Only two things were pleasing: firstly, the port was blocked for less than a second, and secondly, there were no complaints from users. Until. So, it was time to sort out the problem, and without raising excess noise, eliminate it.
An analysis of the available logs showed that the problem manifested itself on average 2-3 times a day and always during working hours.
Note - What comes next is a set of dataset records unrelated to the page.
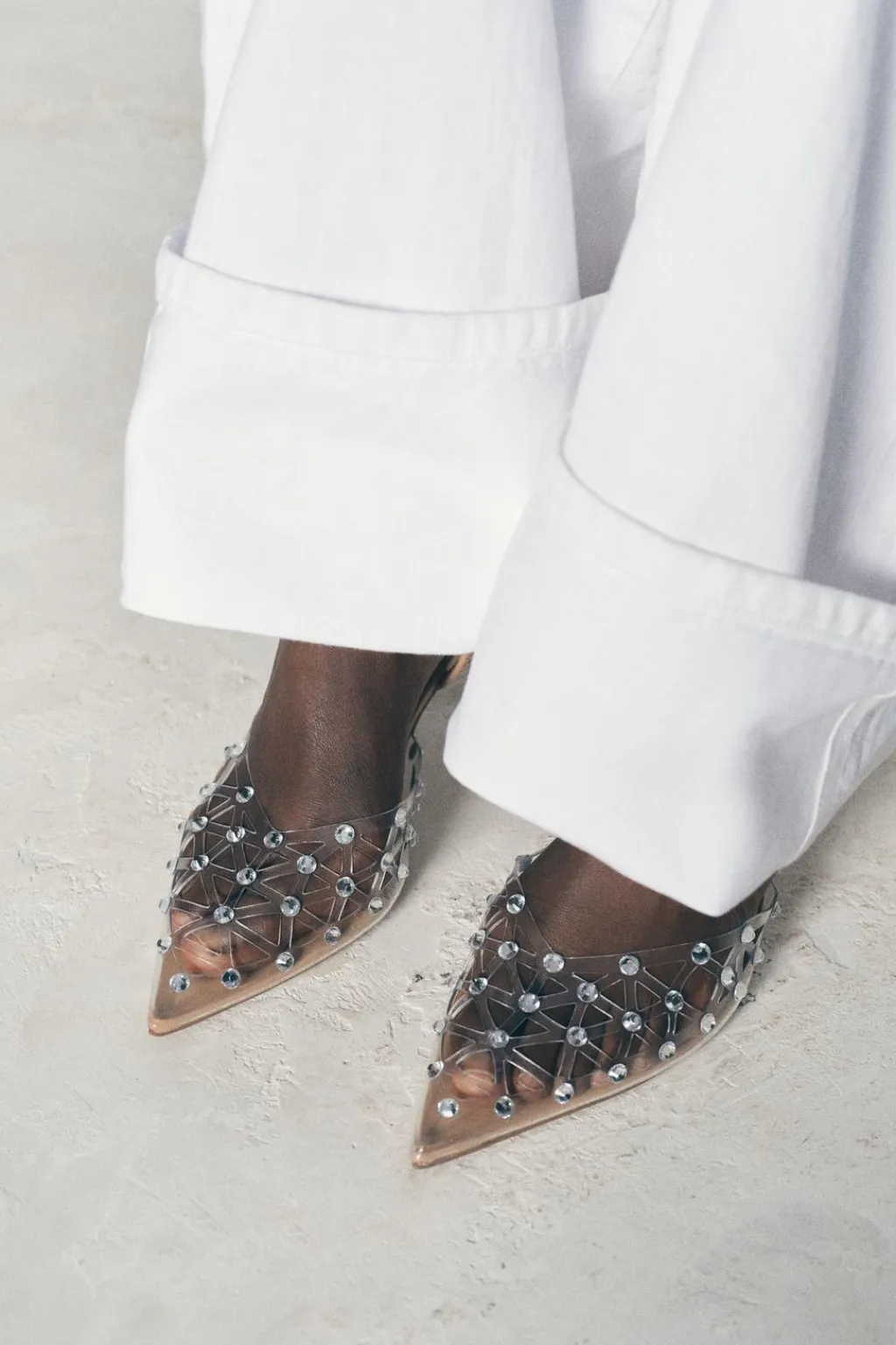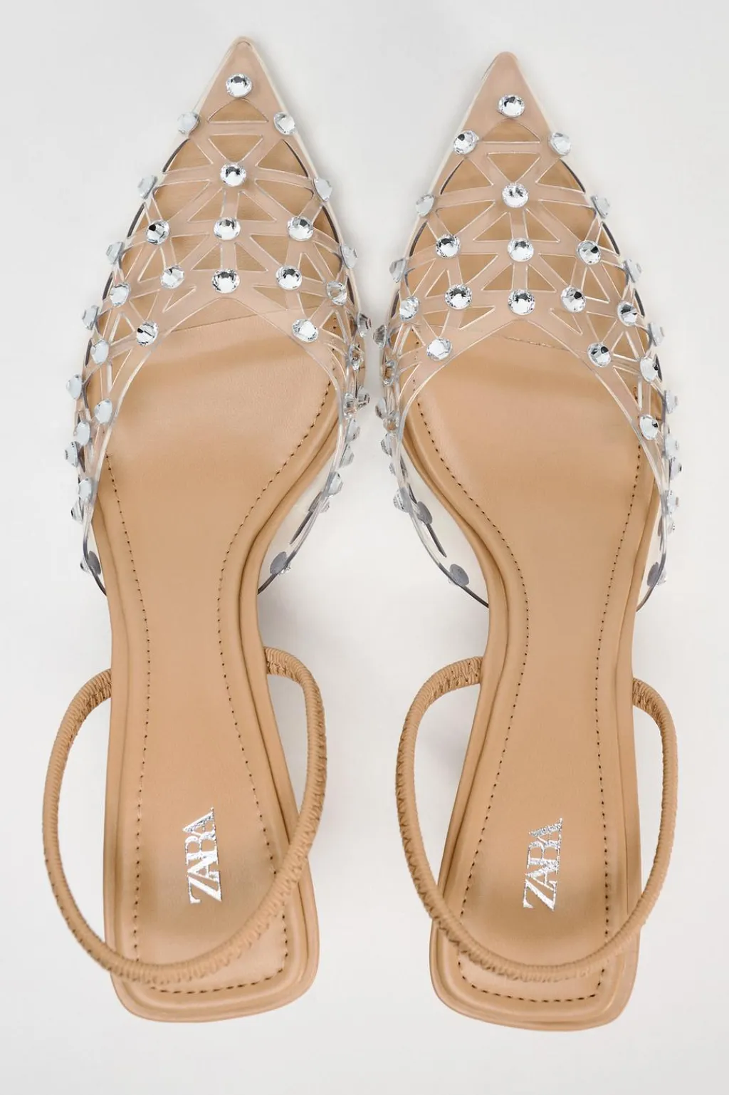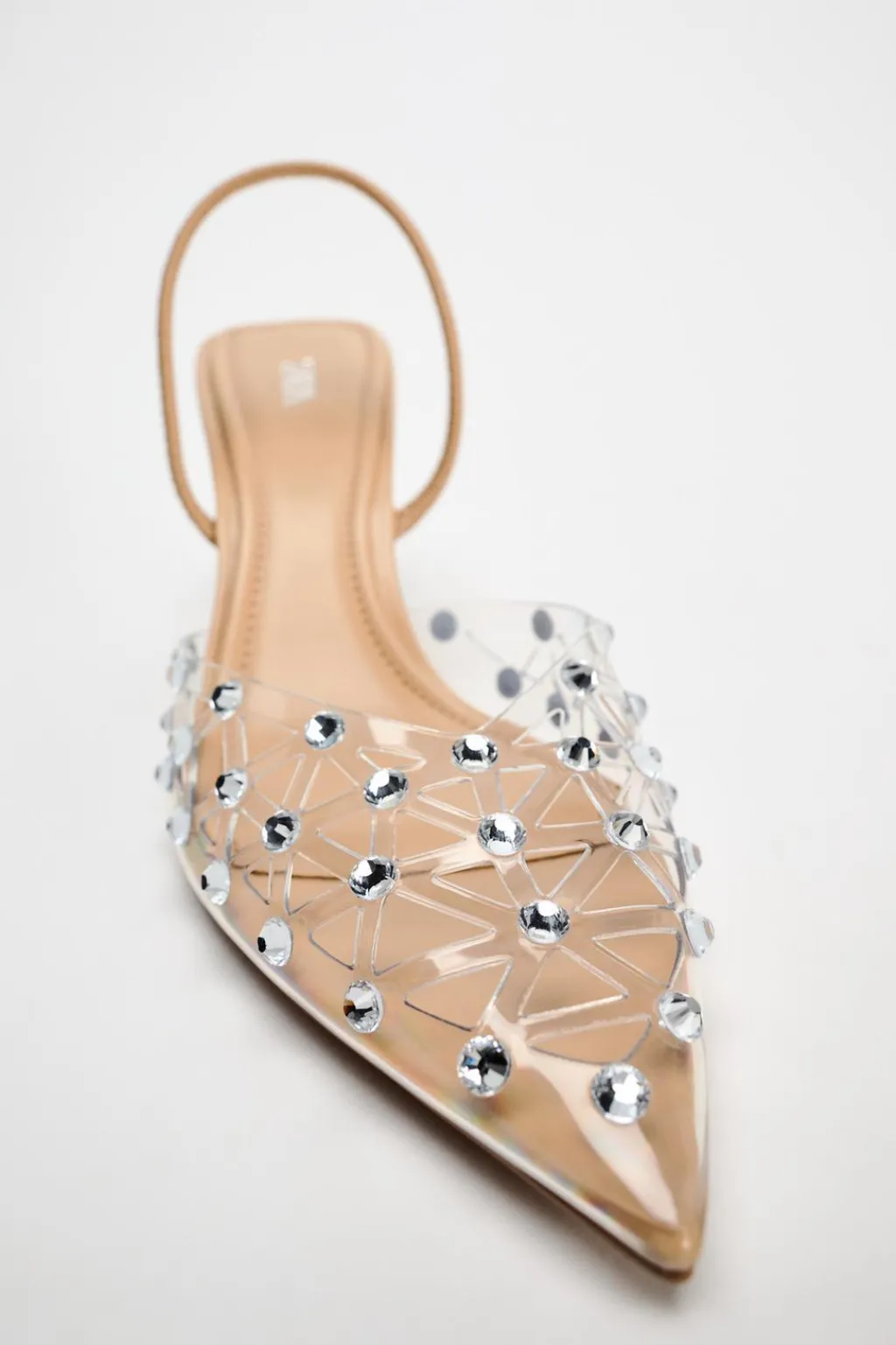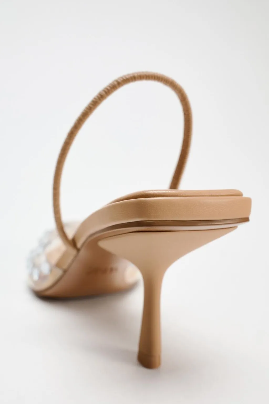 Zapato de tacón alto destalonado en vinilo con detalle de brillos. Tira trasera con elástico. Acabado en punta.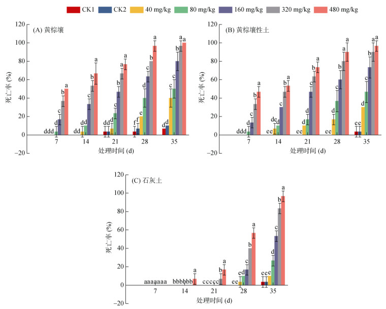 2 结果与分析 2.1 莠去津对蚯蚓死亡率的影响由图 1可知,3种土壤中各莠去津暴露浓度组蚯蚓的死亡率随着时间的延长而上升,且暴露浓度越高,蚯蚓的死亡率越高。暴露7 d时,黄棕壤和黄棕壤性土中,160、320、480 mg/kg三个浓度组蚯蚓的死亡率与对照组相比,具有显著差异,而前三者间也存在显著差异,说明在这两种土壤中短期高浓度(160、320、480 mg/kg)莠去津暴露对蚯蚓的致死效应较强。暴露14 d时,黄棕壤性土中80 mg/kg浓度组蚯蚓的死亡率与对照组相比,出现显著差异(P < 0.05);石灰土中各浓度组中均逐渐出现蚯蚓死亡的现象。暴露21 d时,黄棕壤中80 mg/kg浓度组蚯蚓死亡率与对照组相比,也出现显著差异(P < 0.05)。暴露28和35 d时,黄棕壤和黄棕壤性土中各浓度组蚯蚓死亡率与对照组相比,均存在显著差异(P < 0.05);石灰土中,除40 mg/kg浓度组外,各浓度组与对照组相比,也均存在显著差异(P < 0.05)。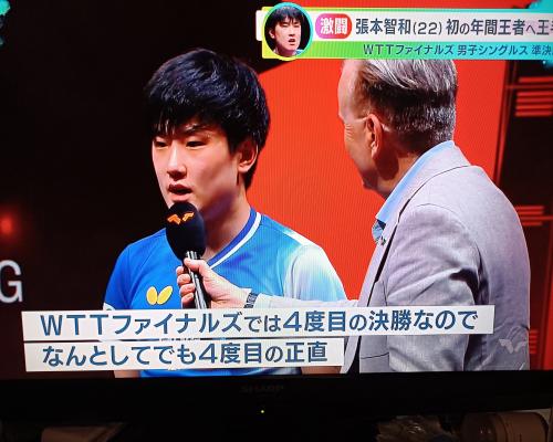 張本智和選手、試合後のインタビュー 張本智和4−3林詩棟 WTTファイナルズ香港 男子シングルス準決勝 14日、香港 |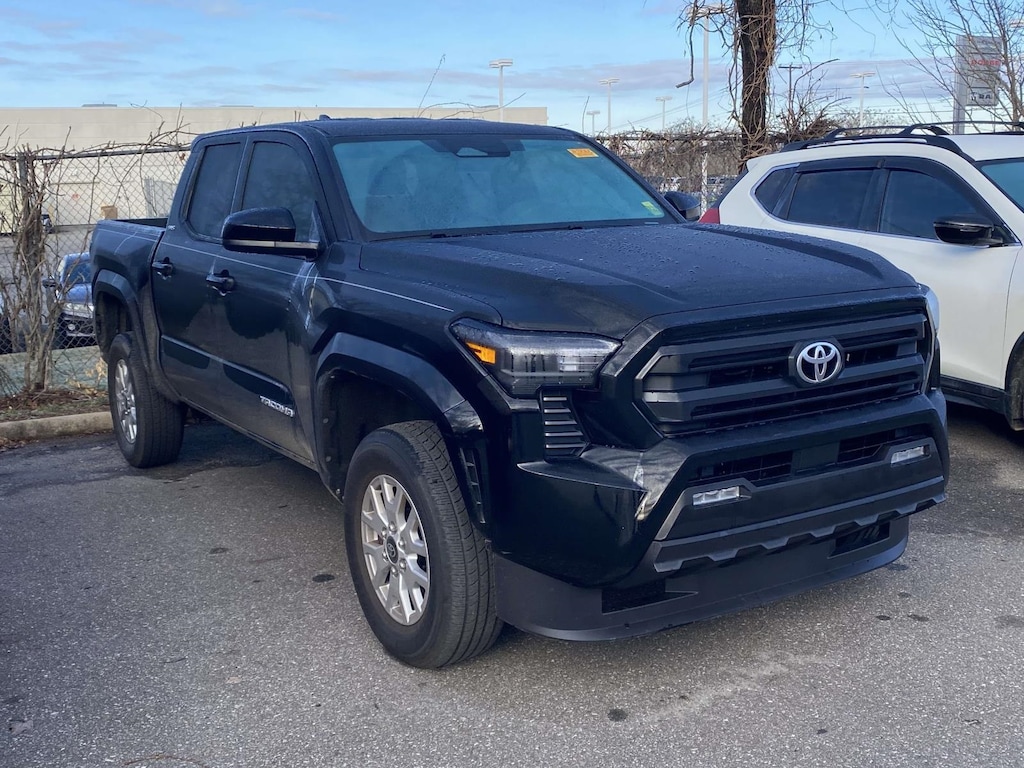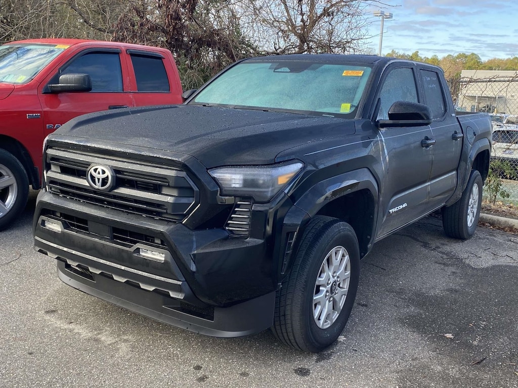2025 Toyota Tacoma 3.583 Axle Ratio, 4-Wheel Disc Brakes, 6 Speakers, ABS brakes, Air Conditioning, Alloy wheels, AM/FM radio: SiriusXM, Anti-whiplash front head restraints, Apple CarPlay/Android Auto, Auto High-beam Headlights, Auto-dimming Rear-View mirror, Brake assist, Bumpers: body-color, Driver door bin, Dual front impact airbags, Dual front side impact airbags, Electronic Stability Control, Emergency communication system: Safety Connect (1-year trial), Exterior Parking Camera Rear, Fabric Seat Trim, Four wheel independent suspension, Front anti-roll bar, Front Bucket Seats, Front Center Armrest, Front fog lights, Front reading lights, Fully automatic headlights, Heated door mirrors, Illuminated entry, Knee airbag, Low tire pressure warning, Occupant sensing airbag, Outside temperature display, Overhead airbag, Overhead console, Panic alarm, Passenger door bin, Power door mirrors, Power steering, Power windows, Radio: 8" Toyota Audio Multimedia, Rear step bumper, Rear window defroster, Remote keyless entry, Speed control, Speed-sensing steering, Split folding rear seat, Steering wheel mounted audio controls, Tachometer, Telescoping steering wheel, Tilt steering wheel, Traction control, Trip computer, and Variably intermittent wipers.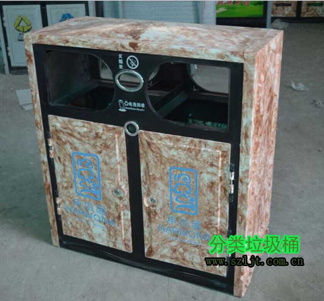 ? ? XFZ-A115玻璃鋼仿大理石酒店垃圾桶規(guī)格875*400*1035,是經(jīng)過市場考驗(yàn),獲得眾多客戶好評的一款熱銷玻璃鋼垃圾桶,外形采用經(jīng)典傳統(tǒng)的方形,簡潔工整。桶門上的絲印標(biāo)志可以隨客戶需求更換,桶身結(jié)構(gòu)采用雙分類結(jié)構(gòu),契合國內(nèi)主流的垃圾分類習(xí)慣,能將垃圾收集與垃圾分類政策最優(yōu)貫徹落實(shí)。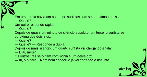 Depois de mais silêncio, um quarto surfista vai chegando e fala: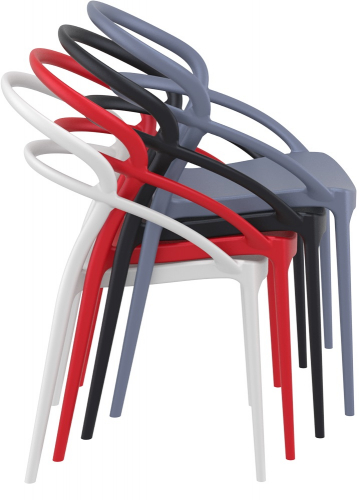 Пластиковые кресла серии Pia с интересным переплетением спинки, плавно переходящей в подлокотники, станут отличным выбором для обстановки фуд-кортов, кафе, ресторанов и баров. Благодаря использованию высококачественных материалов они долгое время не теряют своего привлекательного внешнего вида, даже несмотря на активную эксплуатацию. Отсутствие металлического каркаса и устойчивость к ультрафиолетовому воздействию обеспечивают использование кресел из пластика Pia в интерьерах и на открытых площадках.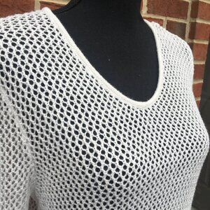 Chicos Travelers Collection Tunic Top Size 3/LG White Crochet Open Knit Beach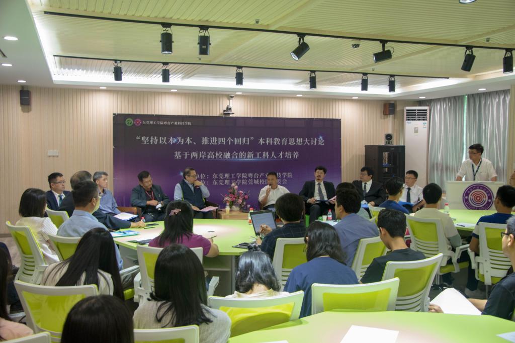 为全面贯彻落实习近平总书记在2018年全国教育大会上重要讲话精神,陈宝生部长在新时代全国高等学校本科教育工作会议提出的“坚持以本为本,推进四个回归”,加快建设高水平本科教育、全面提高人才培养能力的要求,在学校的统一部署下,10月15日,粤台产业科技学院开展“坚持以本为本、推进四个回归”本科教育思想大讨论——基于两岸高校融合的新工科人才培养。我校副校长马宏伟教授、台北科技大学管理学院院长邱垂昱教授、迅得机械(东莞)有限公司总经理罗锦堃,学校有关职能部门负责人,粤台学院各系主任、教师和学生代表参加了讨论。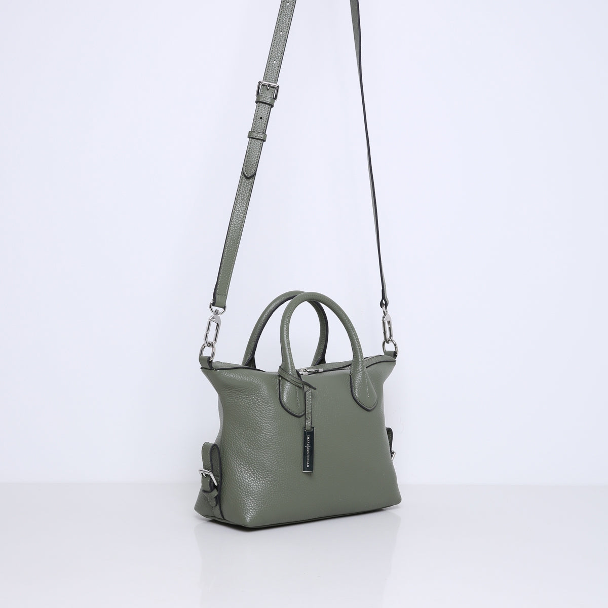Die Tasche verfügt über ein zusätzliches Reißverschlussfach auf der Rückseite und wird oben komplett mit einem Reißverschluss geschlossen. Einzigartige Details an diesem Modell sind die Schnallen an den Seiten, die Sie öffnen oder schließen können, um zusätzlichen Platz und ein verspieltes Design zu schaffen.

Because of this, it took a long time to collect enough data.
The idea of ​​the existence of a real loop was immediately discarded completely, since it had no right to exist (experience suggested). At that time, it immediately became clear that there was a process on the network that somehow caused the switch to “detect the loop”.
First of all, I rummaged through all the logs in search of the correlation of several events in time. And I discovered that every time such a “loop detection” occurs, the connection is broken with one of the Canon network printers located in the same VLAN. Since this happened with a difference of 2-3 seconds, I came to the conclusion that he, too, hears something on the network that makes him feel bad, and he distorts the network port, and maybe it is completely overloaded. He was too lazy to go, but obviously he was ill for the same reasons.
The only thing that all participants of one VLAN could hear, which means a single broadcast domain on the 2nd level, is of course broadcast, i.e. actually broadcast package.
Well, since this broadcast is most likely, then I can also hear it. I installed a separate car, connected it to the desired VLAN, and launched a sniffer on it with a protocol analyzer, which wrote everything to the disk all day and night. Absolutely everything, but only what he could hear. And what could he hear? And he could hear his own traffic, which was of no interest, and all the broadcast traffic on the network. And we do not need more.
The first results of the sniffer's work surprised me ... well, to put it mildly. For this network segment, well, i. for all this VLAN, the norm was 500-1000 broadcast packets per second.
Here I probably will make a small digression. Some will be indignant at once, saying that there is so much traffic from! First of all, the network segment is quite large - to roll out 200-300 cars. Secondly, IPX traffic is redirected to this segment, which uses broadcasting very actively. So these traffic intensity values ​​did not surprise me at all.
But it surprised:

At the very moment when some network switches fixed a “loop”, the broadcast traffic on the network went offboard at 20'000 packets per second! But from where?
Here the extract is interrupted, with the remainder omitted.